I do a lot of write operations on this collection, using the Perl driver (insert, update, remove, save) and mongoimport.

My problem is that somehow, I have duplicate documents on the same _id. From what I've read, this shouldn't be possible.

I've removed the duplicates, but others still appear.

Do you have any ideas where could they come from, or what should I start looking at? (Also, I've tried to replicate this on a smaller, test collection, but no duplicates are inserted, no matter what write operation I perform).

klaoo z
  • 83
  • 1
  • 1
  • 7

2 Answers2

4

This actually isn't a problem with the Perl driver .. it is related to the characteristics of sharding. MongoDB is only able to enforce uniqueness among the documents located on a single shard at the time of creation, so the default index does not require uniqueness.

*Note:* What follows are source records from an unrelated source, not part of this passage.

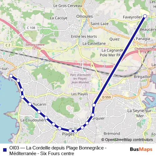The first stop of the Ol03 bus route is Cordeille and the last stop is Plage Bonnegrâce. Ol03 (La Cordeille depuis Plage Bonnegrâce - Méditerranée - Six Fours centre) is operational during on weekdays.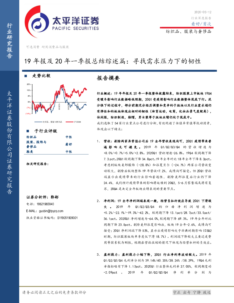 太平洋证券:纺织品、服装与奢侈品19年报及20年一季报总结综述篇:寻找需求压力下的韧性.pdf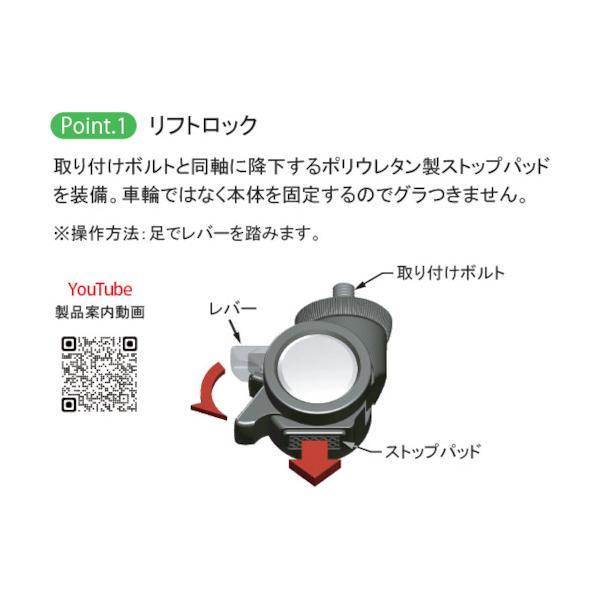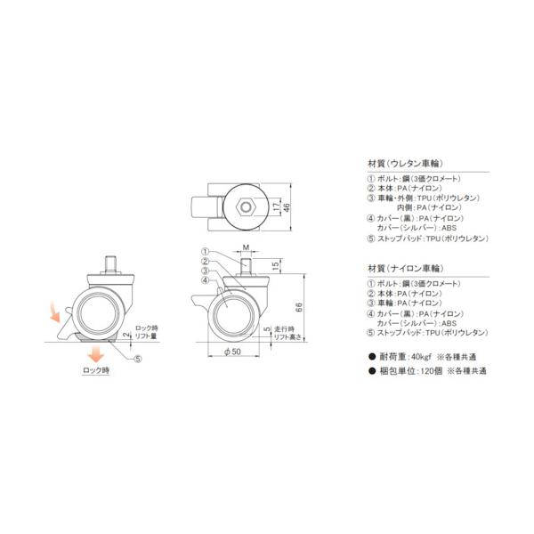プラパート リフトロックキャスター ナイロン車 φ50 M10 シルバー ストッパー付 高さ調整可 ▼402-7300 K100-50-S10S 1個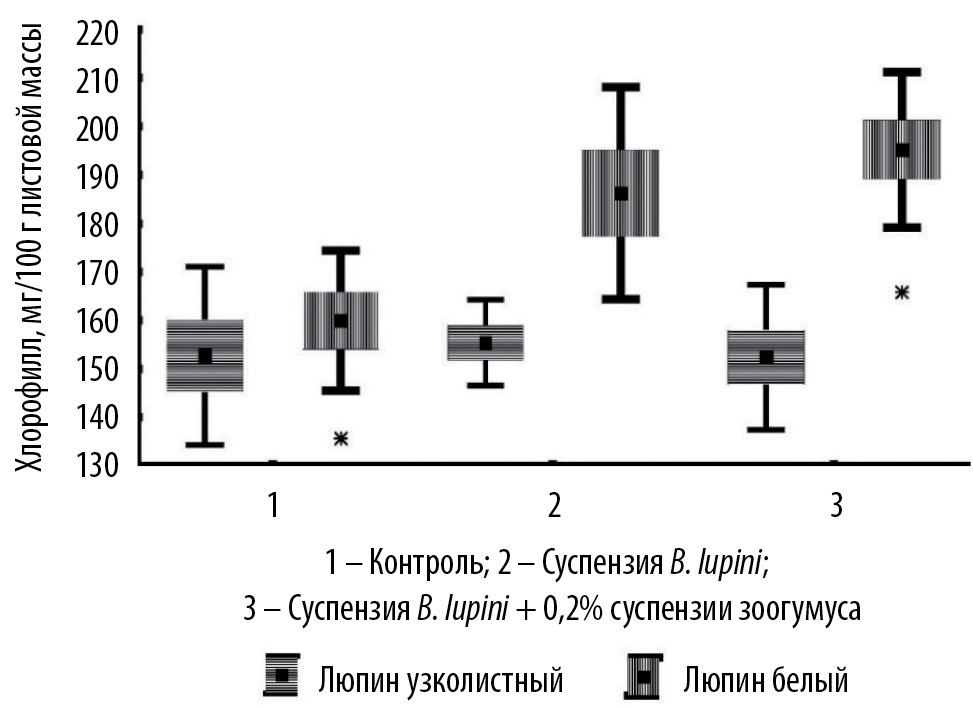 Рис. 3. Влияние суспензии зоогумуса на содержание общего хлорофилла в листьях люпино-ризобиальной симбиосистемы в конце опыта.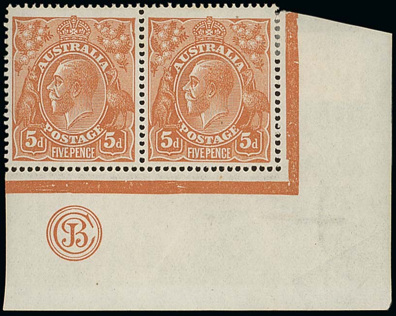 5d. chestnut, comb perf, a lower right corner pair with "JBC" monogram, a little gum toned, fine mint. S.G. 23b; BW 123Az, $1000. Photo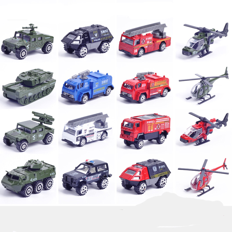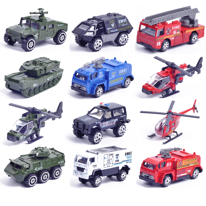 Military alloy toy car model suit children mini police car fire truck taxi ride boy gift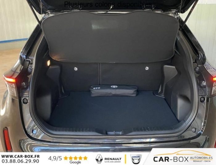 Hors frais de dossierHybride MY22 116h 2WD Design, hybride, noir, 19/09/2023, Caméra de recul, Vitres et lunette AR surteintées, Double plancher du coffre, Sellerie tissu gris, 6 HP, Allumage automatique des feux, Antenne de toit type requin, Siège passager réglable en hauteur, Climatisation automatique, Système d’appel d’urgence automatique "E-Call", Rails de toit noir, Services connectés MyT, Ecran TFT 4, 2", Toyota Safety Sense, Peinture métallisée monoton : option incluse (valeur : 600 Eur TTC), Rétroviseurs extérieurs rabattables électriquement et chauffants, Système d’ouverture/fermeture et démarrage sans clé "Smart Entry & Start", Clignotants LED séquentiels, Pack Cargo : Attaches de coffre Avertisseur d’angles morts Avertisseur de circulation AR (RCTA) Double plancher du coffre modulable Radars de stationnement AV/AR Sièges AR rabattables 40:20:40 Sièges AV chauffants : option incluse (valeur : 800 Eur TTC), Connectivité Apple CarPlay et Android Auto sans fil, Sièges AR rabattables 40:60, Ecran couleur tactile multifonction 9", Feux Full LED (AV/AR), Frein de parking électronique, Jantes alliage 17" (5 doubles-branches), Feux antibrouillard full LED, Système multimédia Toyota Smart Connect : écran tactile 9", navigation connectée et contrôle à distance via l’application MyT (verrouiller/déverrouiller, relancer la climatisation et retrouver ma voiture avec allumage des feux clignotants) et 4 ans de mis, Peinture non métallisée, Volant en cuir, Détecteur de pluie, Système de fixations ISOFIX aux places latérales AR, Rétroviseur intérieur électrochromatique, Vitres AV/AR électriques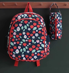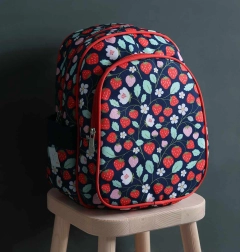 Stylowy dziecięcy plecak z motywem truskawek jest idealny do przedszkola, szkoły i na wycieczki. Oferuje pojemną główną komorę, izolowaną przednią kieszeń na przekąskę, boczne kieszenie na butelkę oraz wyściełane szelki z paskiem piersiowym dla wygodnego i bezpiecznego noszenia.
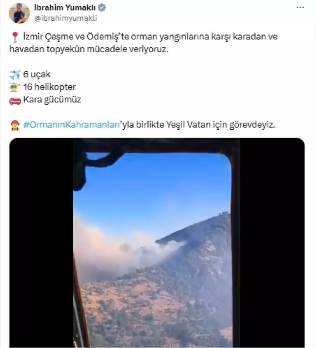 Tarım ve Orman Bakanı İbrahim Yumaklı, Çeşme ve Ödemiş’teki yangınlara ilişkin sosyal medya hesabından açıklama yaptı. Yumaklı, “İzmir Çeşme ve Ödemiş’te orman yangınlarına karşı karadan ve havadan topyekun mücadele veriyoruz. 6 uçak, 16 helikopter, kara gücümüz; ormanın kahramanlarıyla birlikte Yeşil Vatan için görevdeyiz” dedi.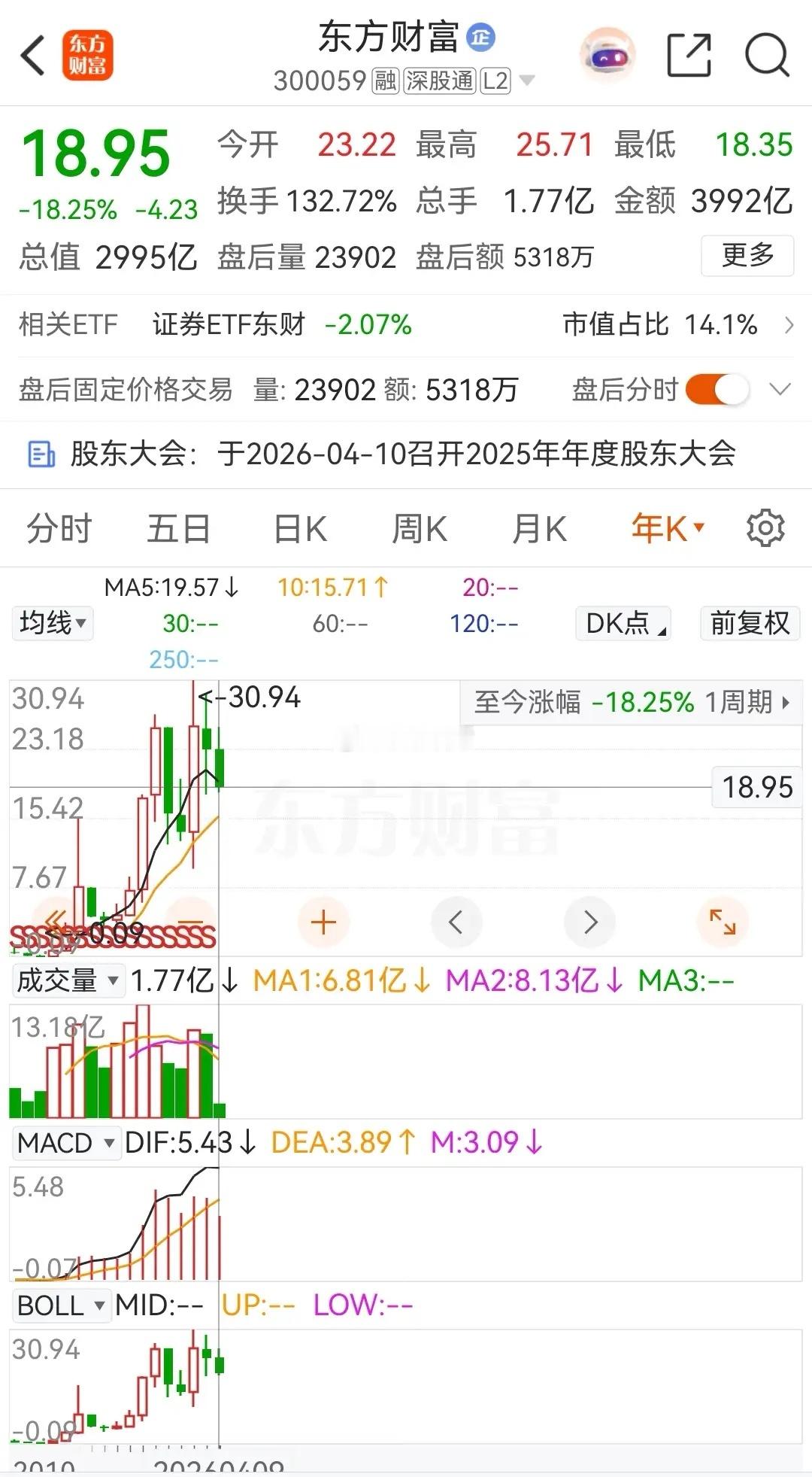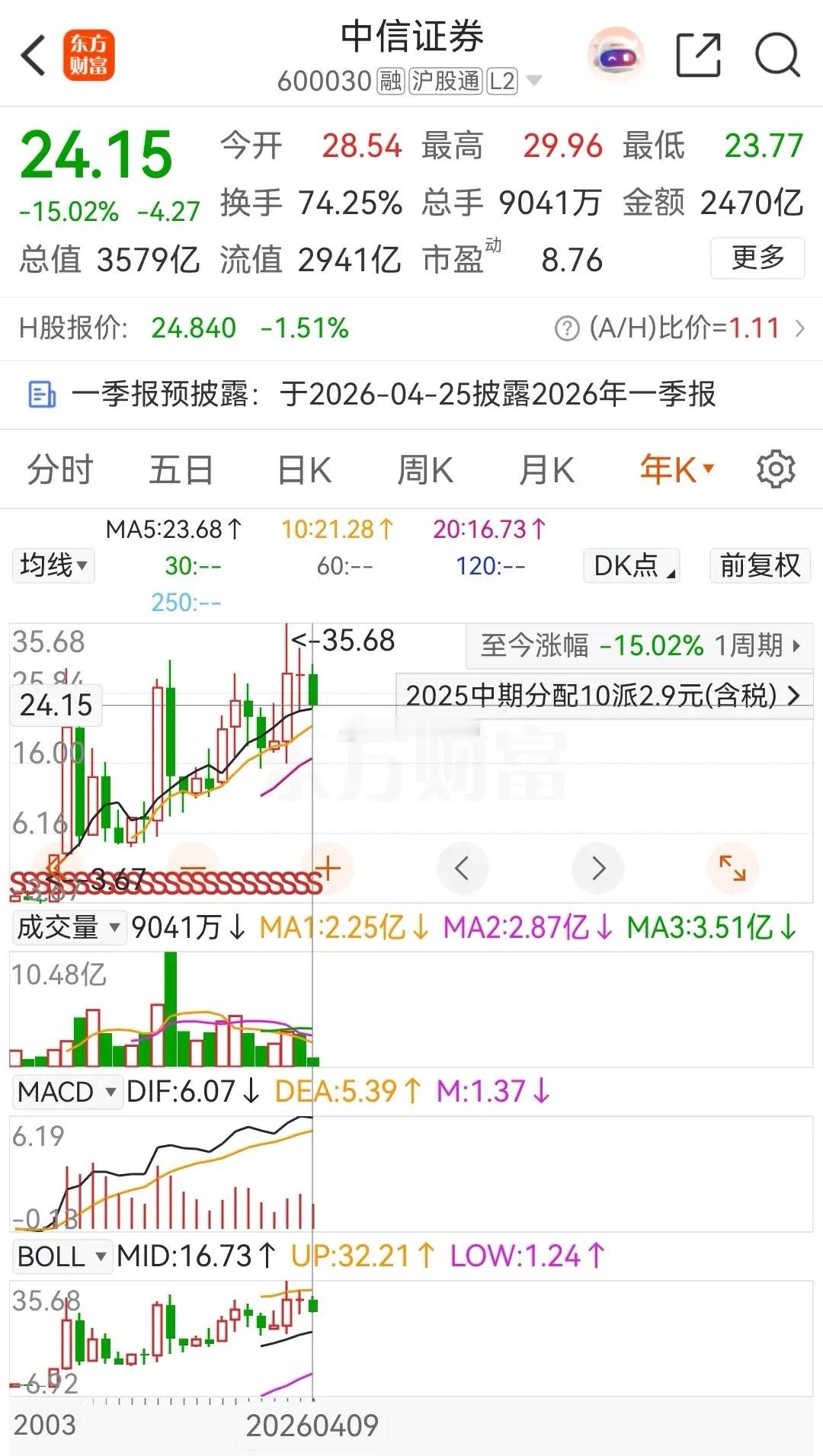 总之,对于券茅和券商一哥来说,业绩高增难阻跌势:2025年中信证券净利润同比增38.58%,东方财富增25.75%,但监管干预(如中信证券尾盘大单压盘调控指数)及减持压力(东方财富实控人套现92.4亿元)压制了股价的弹性。所以,想要入场操作,就得做好持久战和亏损的心理准备!

In the MongoDB: Configuring Sharding documentation there is specific mention that:

  • When you shard a collection, you must specify the shard key. If there is data in the collection, mongo will require an index to be created upfront (it speeds up the chunking process); otherwise, an index will be automatically created for you.

  • You can use the {unique: true} option to ensure that the underlying index enforces uniqueness so long as the unique index is a prefix of the shard key.

  • If the "unique: true" option is not used, the shard key does not have to be unique.

Stennie
  • 63,885
  • 14
  • 149
  • 175
  • I just checked that, and you were right... the "unique:true" option was not specified :) Thanks a lot, your answer was extremely helpful. – klaoo z Jun 28 '12 at 13:28
  • FYI, noticed there is a new tutorial: [MongoDB: Enforce Unique Keys for Sharded Collections](http://docs.mongodb.org/manual/tutorial/enforce-unique-keys-for-sharded-collections/). – Stennie Jun 29 '12 at 00:50
1

How have you implemented generating the integer Ids?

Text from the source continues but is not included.